Broca’s Aphasia – Inability to speak caused by injury to the motor cortex of the brain. Patients are able to understand what is said to them but have difficulty forming words and sentences to respond. They can also have trouble with writing and have great difficulty reading and writing.
Conduction Aphasia – An injury or illness affecting the parts of the brain that relay information to and from the auditory and vocal cords, causing the patient to have great difficulty in speaking. Difficulty is experienced not only with spoken language but also in understanding it when heard.

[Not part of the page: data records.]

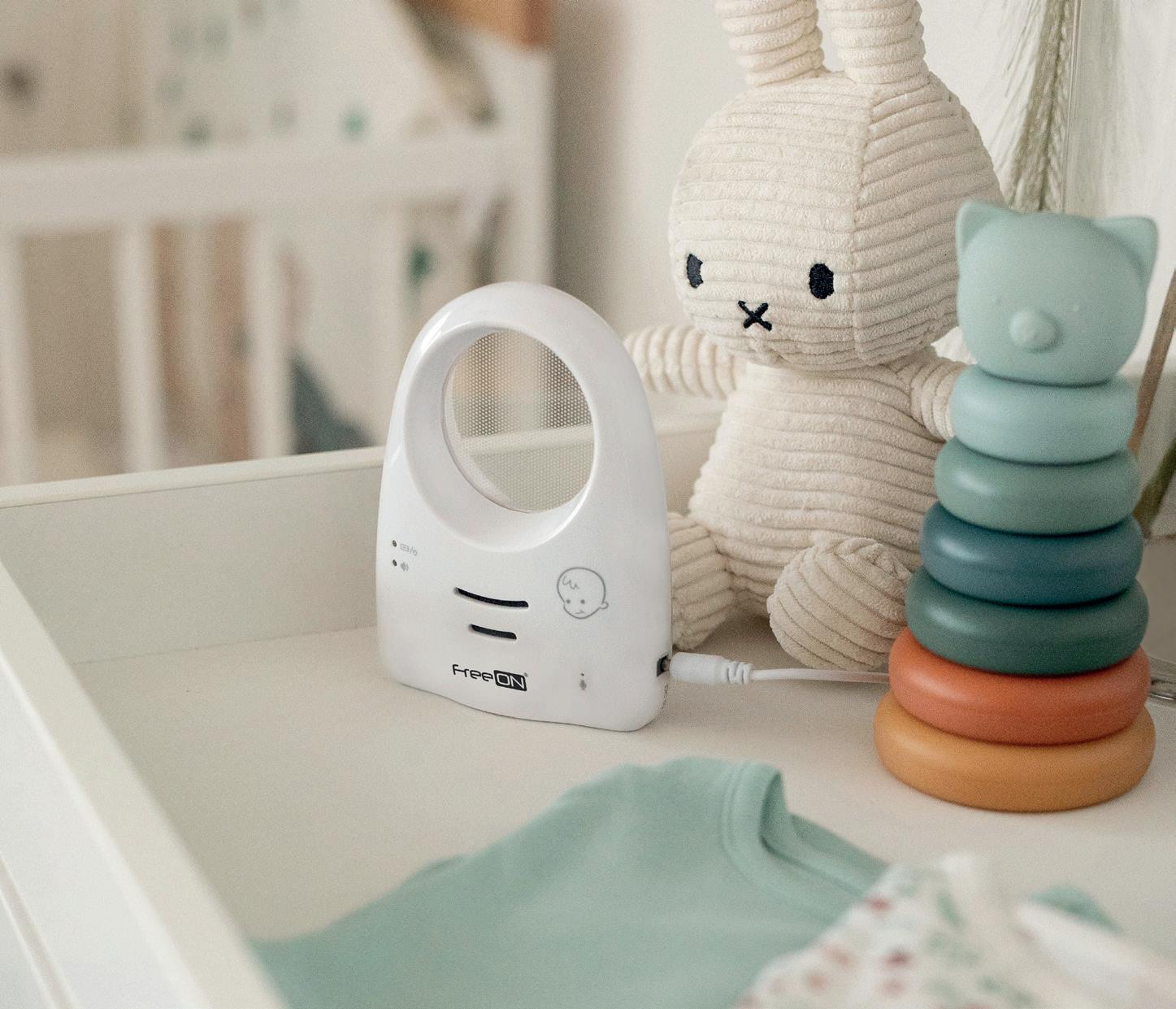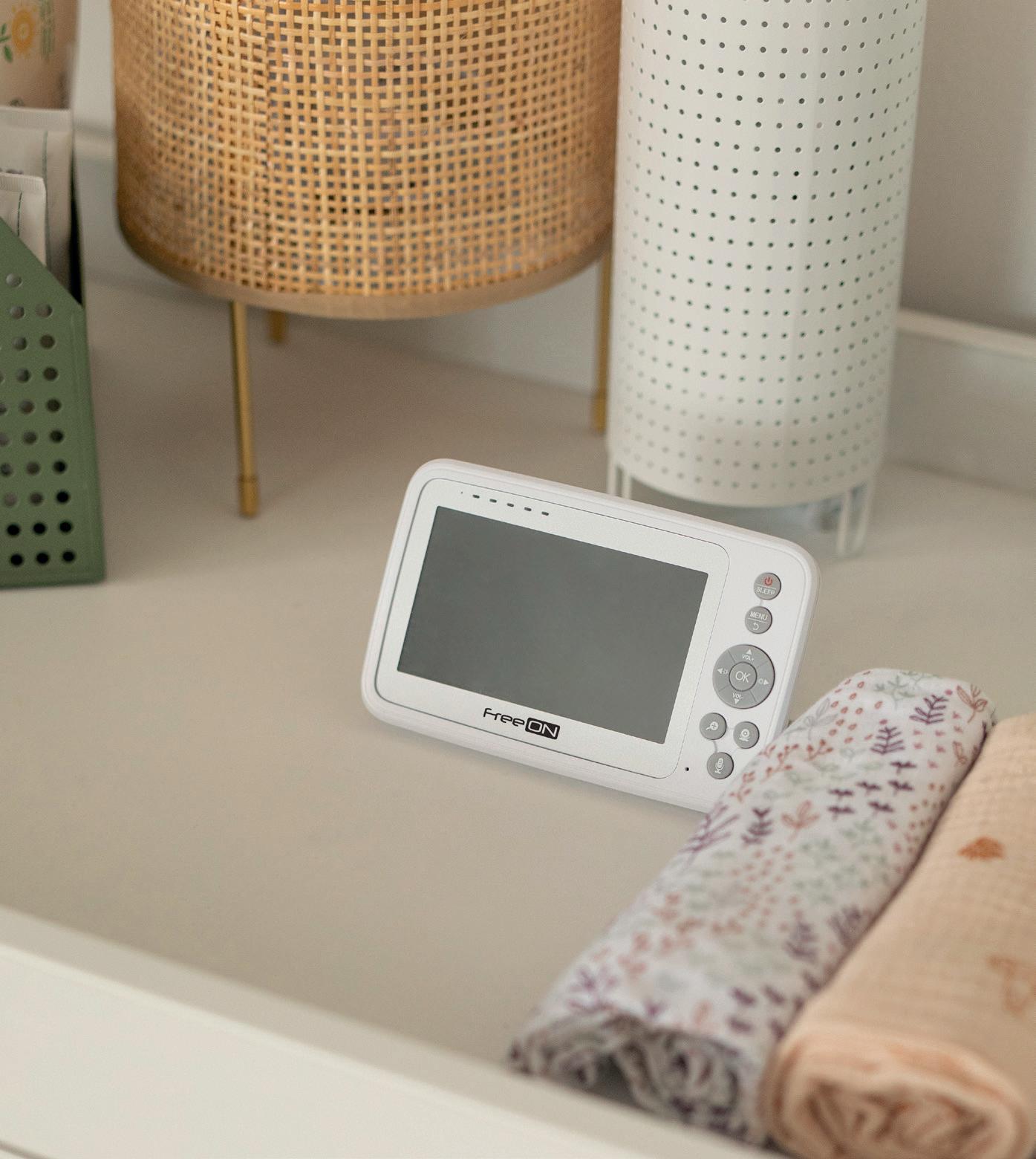 VOX function Transmission range: 250 m (in open area) Automatic infrared night vision Adjustable for various viewing angle 2-way communication 4,3’’ LCD colour screen Baby room temperature detection 3 languages Recharging funtion Volume control Battery operated (for parent unit) Out of range Silicone tube stand Recharging function (for parent unit)* *Batteries included FreeON | 155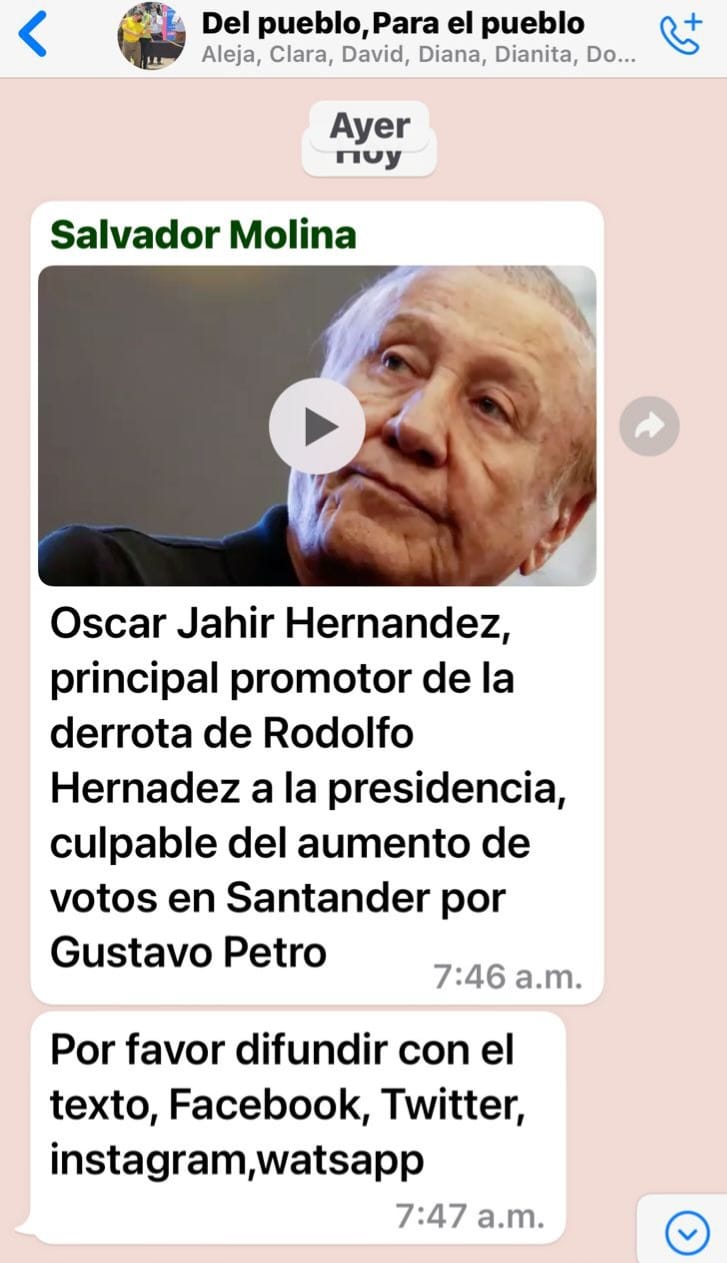Al concejal Salvador Molina le indignan estos escritos y en vez de denunciar las faltas urbanísticas de su propia familia, sale a alentar a su caterva de seguidores para que difundan videos mentirosos que atenten contra la honra de las personas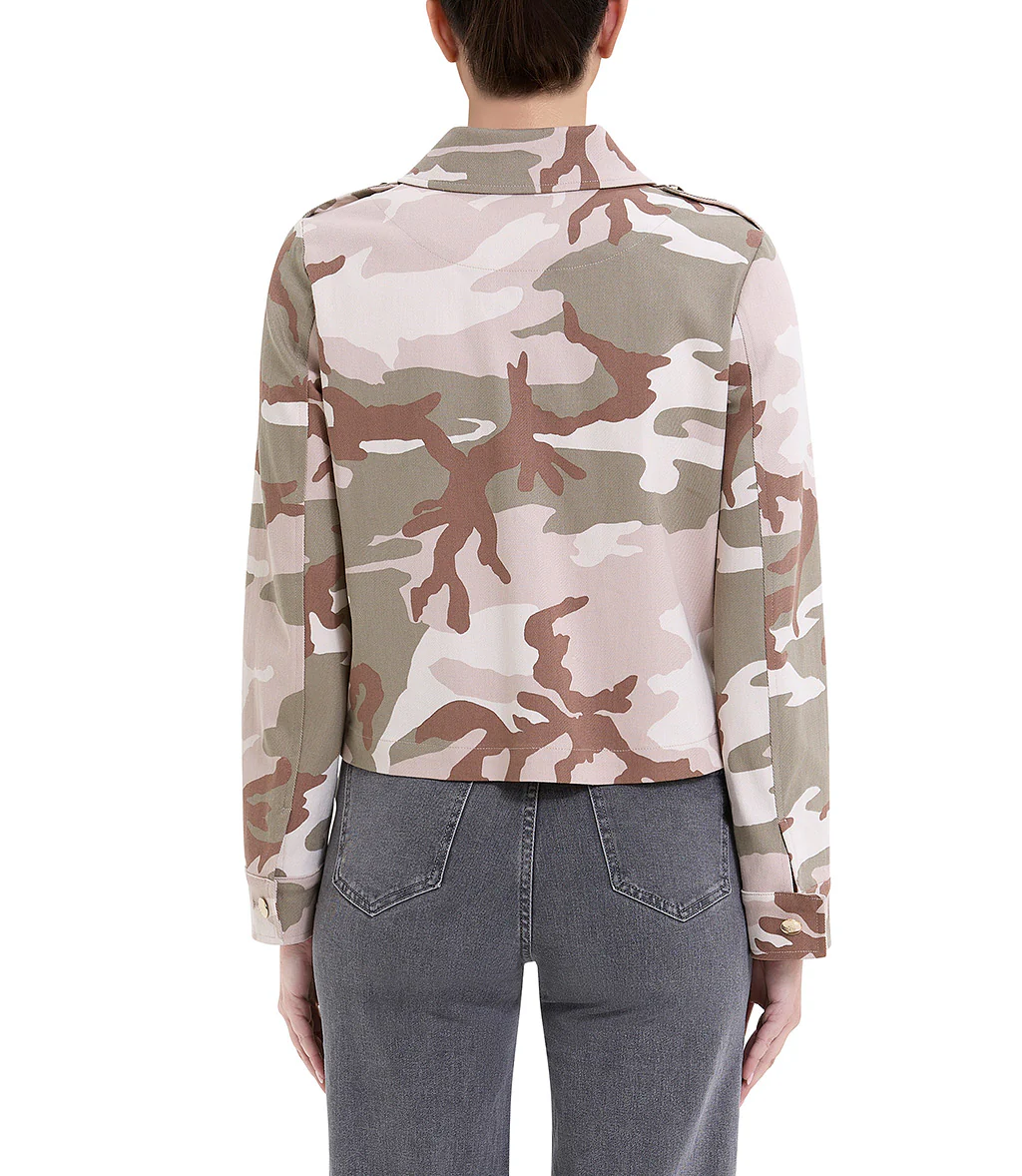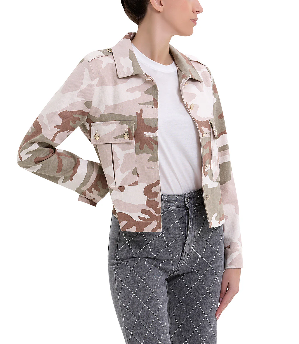 Giacca fantasia militare con tasche frontali e spalline con borchie oro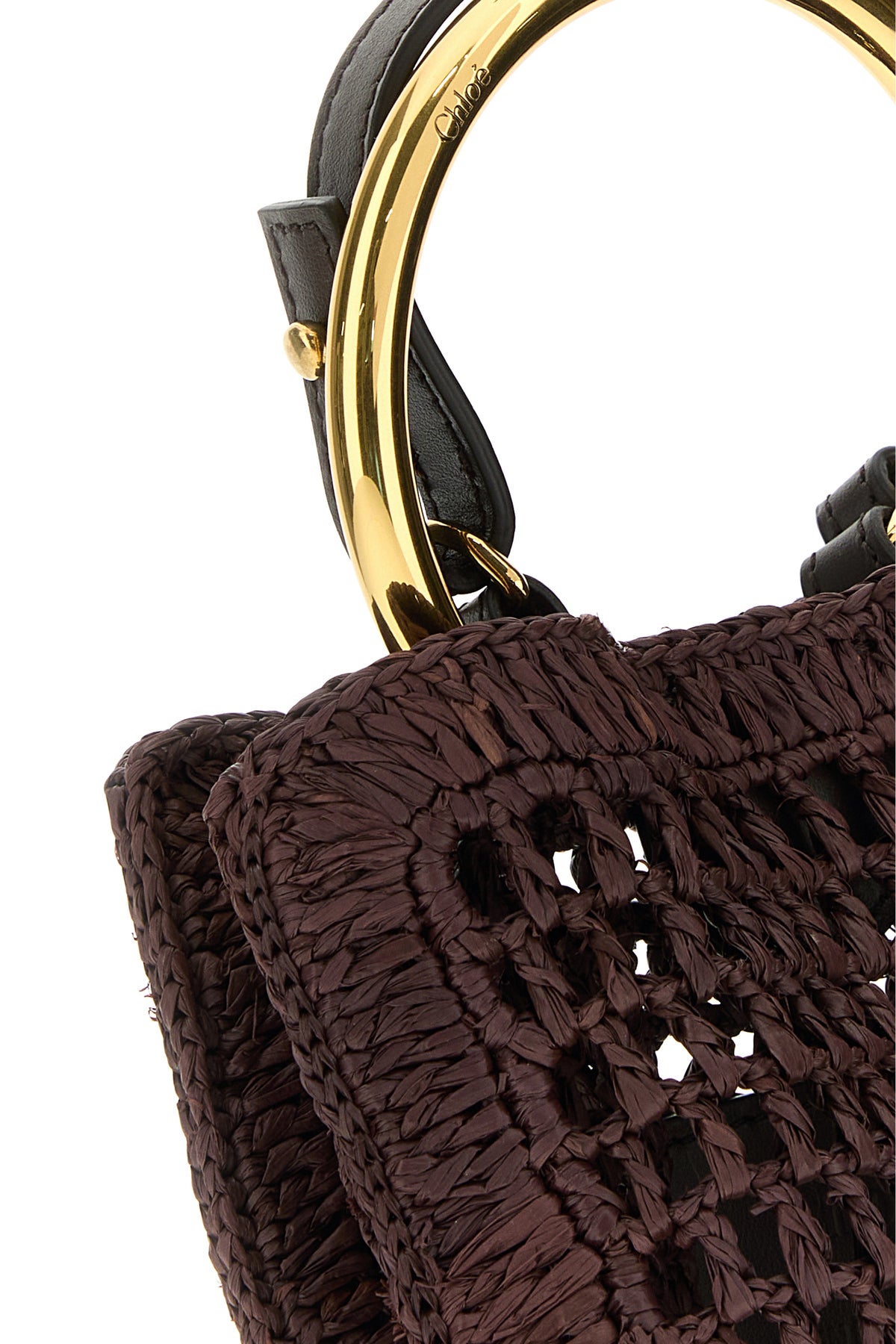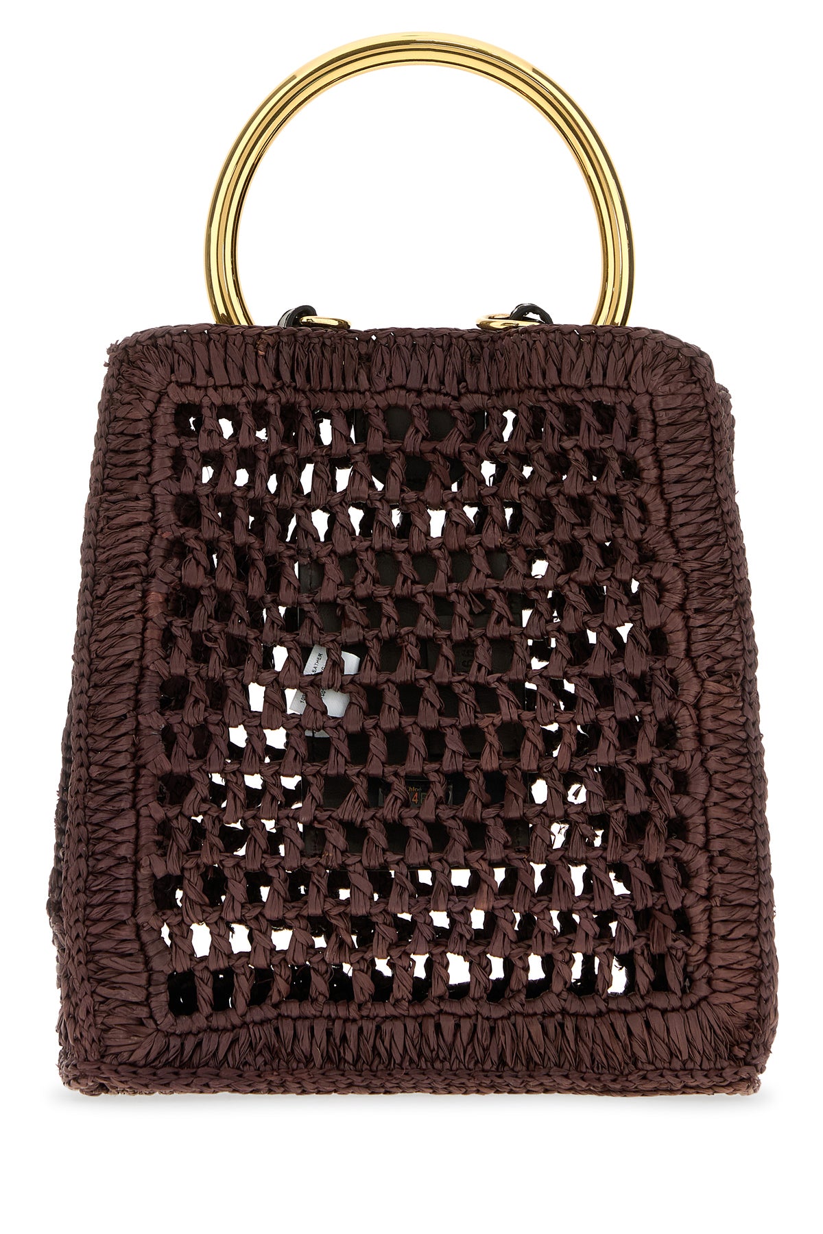 Handbag realized in raffia characterized by tonal embroidered logo at the front.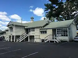 Sherwood, like many riverside suburbs in Brisbane, was significantly affected by the flood of 1893. The school grounds, along with surrounding residences in low-lying areas, were inundated. Despite the floods and the economic depression of the 1890s, enrolments rose through the turn of the century and the school committee advocated the urgent need to extend the school building.[37] Tenders were sought in late 1899, and in 1900 the 1887 Ferguson-designed school building was extended at cost of £182.[38][39] An image of the extended building around that time shows it had a roof fleche.[40][1]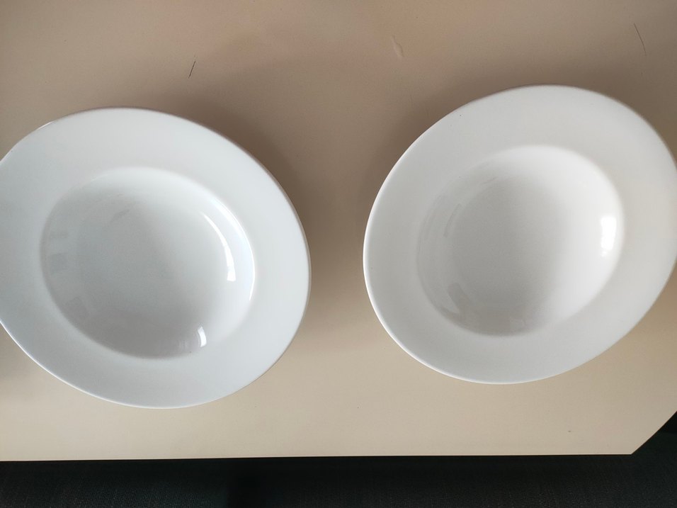 İki adet beyaz, yuvarlak ve pürüzsüz yüzeyli gıda kabı, çeşitli yiyecekleri saklamak için uygundur. birinin arkasında üretim hatası vardır ama sorun teşkil etmemektedir ️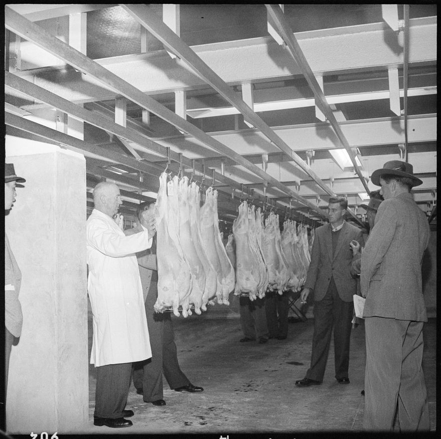 This image was taken for a story that ran in The Manawatu Evening Standard on 07 November 1960 "Mr. S. Smith-Pilling, supervising grader to the New Zealand Meat Board, is seen judging the Show lamb carcases at the Longburn Freezing Works today. On the right of the photograph are some farmers watching the judging."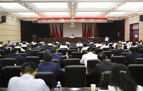 谢胜强调,要掌握习近平总书记在湖南考察时的重要讲话精神实质,学懂学深悟透彻,抓住三个高地、四新要求、五大任务核心要义,深入细致学,逐字逐句仔细领会,全面系统把握,确保学深学懂学透;要持之以恒学,把习近平总书记的殷殷嘱托和对我们工作的要求铭记于心,时刻做到用习近平总书记的重要讲话精神来指导工作,推动实践;要融会贯通学,做到与习近平新时代中国特色社会主义思想、巩固深化“不忘初心、牢记使命”主题教育成果、做好本职工作三个结合,把习近平总书记的讲话精神落实到每一项工作中去。要强化实干担当,即知即用见行动,树牢产业强市导向,着力攻园区、强工业;坚持农业农村优先,不断添活力、兴乡村;坚决守护一江碧水,加快治污染、优生态;聚焦群众急难愁盼,扎实办实事、促和谐;传承发扬红色基因,持续抓队伍、提效能。要紧扣年度目标,对标对表争先进,开足马力上项目,抢抓机遇争资金;要扛稳责任守底线,抓好民生保障、信访维稳和安全生产工作;要查漏补缺扫好尾,在如期完成各项工作任务的同时,在岳阳乃至全省争先进。

Global Aphasia – Total loss of all language; reading, writing, speaking and understanding. This condition is very rare and is almost always caused by damage on both sides of the brain.
Mixed Aphasia – Combination of two or more types of aphasia, for example anomia with Broca’s aphasia.
Transcortical Aphasia – Similar to Wernicke’s aphasia in that the patient has great difficulty understanding and producing spoken and written language but can still write legible sentences, unlike Wernicke’s aphasia.
Wernicke’s Aphasia – Difficulty in producing spoken and written language. The patient makes up words or “grammarize” (inventing words or using incorrect homonyms in place of real words) when trying to speak or write. They also have difficulty understanding language and will have great difficulty with reading and writing.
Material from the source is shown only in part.